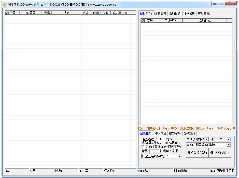 同步手机QQ加好友软件,导入一批小号和目标,批量登录小号添加目标号码!支持普通QQ,企业QQ,企点QQ!软件采用安卓手机QQ开发!
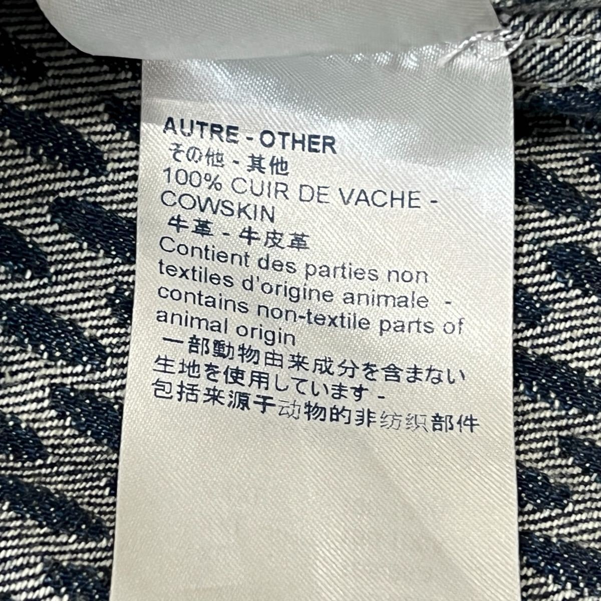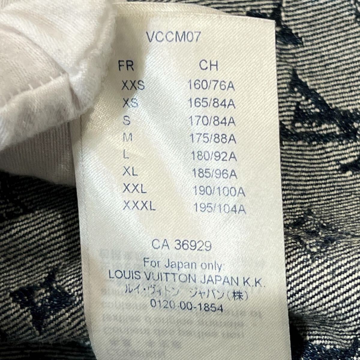 素材は100%コットンデニムを使用し、襟裏や裾にはレザーのアクセント(牛革)があしらわれています。バックには「Louis Vuitton Paris」のロゴが大きく配され、存在感を放つ一着です。
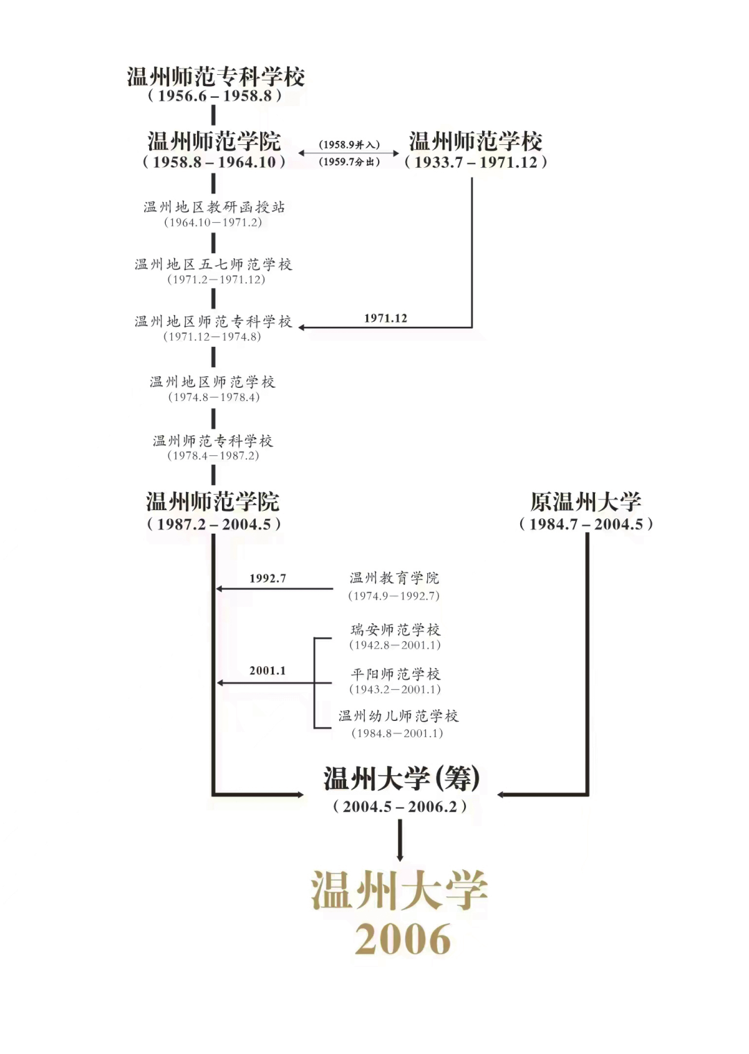 大哉师道天下尊,承往哲兮启后人。东海水,雁荡山,我温大精神,浩浩荡荡。自1933年黄溯初先生捐出私立郑楼小学全部校产给浙江省教育厅、省厅创办温州师范学校以来,开云电子(中国)官方网站_开云电子(中国)官方网站与国家、民族的坎坷命运一路风雨同行。伴随着抗日救亡、全国解放、民主建国、改革开放、科教兴国一个个重大的历史事件,走过了“两校合并、七校融合”的沿革变迁。这九十年,开云电子(中国)官方网站_开云电子(中国)官方网站历尽坎壤,从偏隅一方的“小学堂”,蔚为泽被浙南的“大学府”。一路风尘一路歌,校地虽几经变迁,校名虽多次变换,但恒久不变的是温大“求学问是”的文化底蕴与“敢为人先”的拼搏精神。
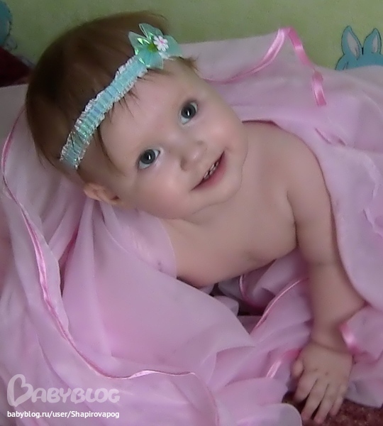 Лизуля научилась садится с положения полу лежа,и частично ползать,делает почему то пару шажков а потом вытягивается длиной колбаской и дрыгает ручками и ножками))Еще иногда машет пока-пока,делает ладушки пяточками))активно стучит ладошкой по чему небуть после слова "ляп" ))

§ **YOUR GOAL**
When you repeat the listing, keep it exact and leave the pictures behind.

§ **EXERCISE RESPONSE**
 同步手机QQ加好友软件,导入一批小号和目标,批量登录小号添加目标号码!支持普通QQ,企业QQ,企点QQ!软件采用安卓手机QQ开发!
 素材は100%コットンデニムを使用し、襟裏や裾にはレザーのアクセント(牛革)があしらわれています。バックには「Louis Vuitton Paris」のロゴが大きく配され、存在感を放つ一着です。
 大哉师道天下尊,承往哲兮启后人。东海水,雁荡山,我温大精神,浩浩荡荡。自1933年黄溯初先生捐出私立郑楼小学全部校产给浙江省教育厅、省厅创办温州师范学校以来,开云电子(中国)官方网站_开云电子(中国)官方网站与国家、民族的坎坷命运一路风雨同行。伴随着抗日救亡、全国解放、民主建国、改革开放、科教兴国一个个重大的历史事件,走过了“两校合并、七校融合”的沿革变迁。这九十年,开云电子(中国)官方网站_开云电子(中国)官方网站历尽坎壤,从偏隅一方的“小学堂”,蔚为泽被浙南的“大学府”。一路风尘一路歌,校地虽几经变迁,校名虽多次变换,但恒久不变的是温大“求学问是”的文化底蕴与“敢为人先”的拼搏精神。
 Лизуля научилась садится с положения полу лежа,и частично ползать,делает почему то пару шажков а потом вытягивается длиной колбаской и дрыгает ручками и ножками))Еще иногда машет пока-пока,делает ладушки пяточками))активно стучит ладошкой по чему небуть после слова "ляп" ))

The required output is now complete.